Żylna choroba zakrzepowo-zatorowa czyli zakrzepica żył głębokich i jej najgroźniejsze powikłanie, którym jest zator tętnicy płucnej jest niezwykle ważnym problemem współczesnej medycyny. Choroba może występować bezobjawowo lub dawać skąpe dolegliwości w postaci niewielkiego obrzęku łydki, bólu, zaczerwienienia czy zwiększonego ocieplenia jednego z podudzi lub tkliwości uciskowej. Dlatego też nigdy nie wolno lekceważyć sugerujących ją objawów, a gdy takowe wystąpią powinniśmy natychmiast skontaktować się z lekarzem. Niestety ponad 65% przypadków zakrzepicy nie powoduje istotnego utrudnienia przepływu krwi w naczyniach i może przebiegać nie dając żadnych dolegliwości.

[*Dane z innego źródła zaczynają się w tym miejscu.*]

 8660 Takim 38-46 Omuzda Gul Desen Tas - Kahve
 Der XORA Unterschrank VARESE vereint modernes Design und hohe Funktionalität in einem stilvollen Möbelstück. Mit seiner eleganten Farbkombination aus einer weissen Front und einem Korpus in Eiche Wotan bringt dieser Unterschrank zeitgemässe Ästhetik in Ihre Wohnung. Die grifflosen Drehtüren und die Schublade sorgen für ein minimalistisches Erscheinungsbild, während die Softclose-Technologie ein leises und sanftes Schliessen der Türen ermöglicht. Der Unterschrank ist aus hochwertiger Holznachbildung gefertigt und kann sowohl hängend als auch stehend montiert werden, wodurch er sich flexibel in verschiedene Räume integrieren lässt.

W Polsce co roku ok 50 tysięcy osób zapada na zakrzepicę żył głębokich, a ok 20 tysięcy Polaków doznaje zatoru tętnicy płucnej. Niestety przy nieleczonej bądź niezdiagnozowanej w porę zatorowości płucnej 30% przypadków kończy się śmiercią, ale dzięki stosowaniu leków przeciwkrzepliwych można zmniejszyć śmiertelność do 2–8%.

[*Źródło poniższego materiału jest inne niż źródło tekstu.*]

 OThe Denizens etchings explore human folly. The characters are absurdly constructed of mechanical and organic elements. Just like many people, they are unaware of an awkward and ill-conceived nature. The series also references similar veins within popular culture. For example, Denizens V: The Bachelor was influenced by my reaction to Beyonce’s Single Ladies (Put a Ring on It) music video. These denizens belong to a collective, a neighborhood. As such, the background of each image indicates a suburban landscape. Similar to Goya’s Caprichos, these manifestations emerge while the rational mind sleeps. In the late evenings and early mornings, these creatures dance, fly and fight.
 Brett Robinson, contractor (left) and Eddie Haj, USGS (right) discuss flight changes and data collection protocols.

Do czynników ryzyka żylnej choroby zakrzepowo-zatorowej czyli czynników usposabiających powstaniu schorzenia należy: wiek powyżej 40 lat, długotrwałe unieruchomienie, udar mózgu z porażeniem kończyn, nowotwory złośliwe i terapia przeciwnowotworowa, duże zabiegi chirurgiczne (szczególnie w obrębie kończyn dolnych, miednicy i jamy brzusznej), urazy, otyłość, żylaki kończyn dolnych, niewydolność serca, zespół narczycowy, choroby hematologiczne, ciąża i połóg, a także przebyta już przeszłości choroba.
Przebieg choroby może być bardzo różnorodny. Zależy to od kondycji organizmu i zdolności ustroju człowieka do rozpuszczenia skrzepów. Samoistne rozpuszczenie skrzeplin zdarza się tylko u około 30% pacjentów. Nieleczone zakrzepy mogą uszkadzać zastawki w żyłach powodując powstanie niewydolności żylnej i przewlekłego zespołu pozakrzepowego, a nieleczona choroba obejmująca żyłę podkolanową i udową, aż u 50% pacjentów prowadzi do zatoru tętnicy płucnej, który jest stanem zagrażającym życiu.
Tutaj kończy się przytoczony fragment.